Three ways to help bacterial-defense research — without setting foot in a lab.
In May 2026, the Institut Pasteur published an atlas of 2.39 million bacterial proteins likely involved in antiviral defense, grouped into 478,206 families. The GeneCLRDF AI model that identified them is 99% accurate, but 85% of these families had never been associated with immunity before. Only 12 systems have been experimentally validated to date.
Pasteur publishes the data. The human layer to explore, sort and derive medicines from it is missing. That's what Bactaegion builds.
Organize the exploration of the Pasteur atlas.
The problem: 478,206 candidate families is unmanageable for a single human. No laboratory has time to test each in in vitro validation. A human layer is needed to prioritize.

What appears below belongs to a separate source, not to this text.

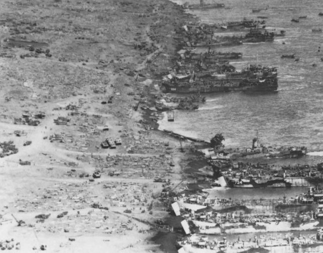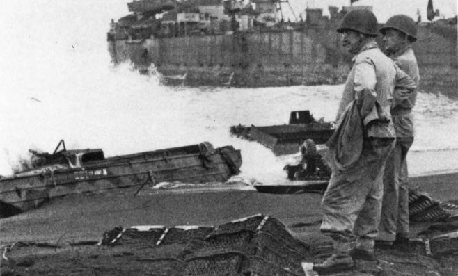 As soon as it hit the beach on the right side of the V Amphibious Corps line, the 25th Marines was pinned down by accurate and heavy enemy fire. Meanwhile, landing craft, supplies, and vehicles pile up in the surf behind Marines.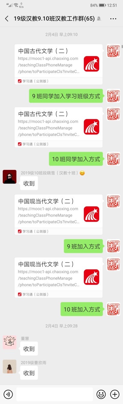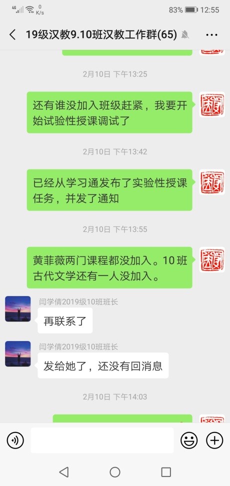 从2月1日开始,通过mkmksport网络教学平台接入的超星学习通端口提供的在线教学相关技术性内容进行跟踪式学习、培训,我逐渐掌握了利用学习通开展在线教学的基本流程与技术性内容,并提前以《中国现当代文学(二)》在线授课界面内容为例,联系相关员工先期组建班级,进行了在线教学所涉及的具体流程、内容的预演性调试,并从员工端获取了相关效果的具体认知。

What you do here: you learn to recognize the patterns researchers use — your eye calibrates on 12 piano-roll scenarios, 6 proteins to annotate, dossiers to read. Tutorial on already-resolved cases, no scientific pressure.
What it changes: eventually (J3 of the roadmap, see /en/roadmap/), you'll flag real orphan families from the GeneCLRDF dataset. Pasteur or any defense lab will receive a prioritized list of candidates to test — direct time savings on validation cycles.
Produce pharmacological hits in open science.
The problem: bacterial defenses lead to real human medicines. Sofosbuvir (anti-hepatitis C) is an analog of bacterial viperin chemistry. Disarm Therapeutics, which developed SARM1 inhibitors inspired by the Thoeris system, was acquired by Lilly for $1.3 billion in 2021. But the industry selects what it exploits — many targets remain on the shelf, or get patented restrictively before a community can work on them.
What you do here: you peer-review sourced therapeutic hypotheses on 3 criteria (reproducibility, parsimony, rigor). If you're a scientist and want to formulate your own hypothesis, you can plug in your own LLM engine (Claude, Gemini, local Ollama) — your key is AES-GCM encrypted in your browser, never transmitted to Bactaegion.
Priority targets identified by translational audit: Viperins (nucleotide analogs in the Sofosbuvir family), CBASS (cGAS-STING axis in immuno-oncology), Pycsar (cyclic pyrimidines), Schlafen (tRNA modulators), RADAR (ADAR1 in interferonopathies), Thoeris (SARM1 in neurodegeneration).
What it changes: all contributive hypotheses are released under CC0. Eventually, the clinical handover is done via non-commercial sponsors (DNDi, GARDP, M4K Pharma model) — not via private capture. Bactaegion goes up to Hit-to-Lead, the rest belongs to structures with pharmaceutical regulatory infrastructure.
Enable confidential laboratories via Federated Learning.
The problem: many laboratories (hospitals, biotechs) hold clinical or environmental genomes under NDA. They cannot share raw data for legal (GDPR) or industrial (pharmaceutical secrecy) reasons. But they could enrich the GeneCLRDF model if a method existed.
Current state: not started. Target identified in the roadmap (milestone J6) via the DAP/Daphne protocol (Cloudflare, open source). Each lab would train locally on its data, sending only encrypted gradient fragments. Depends on recruiting laboratory partners — as much strategic work as technical work.
We display this objective honestly: it's the vision, not today's reality. See /en/roadmap/ for the real timeline.
- No XP, leaderboard, "level" badges, streaks, guilt-tripping push notifications.
- No loot boxes, opaque randomness, artificial scarcity.
- No speculative crypto-token (use value doesn't run through a financial asset).
- No required sign-up. No PII collection. Your contributions belong to you.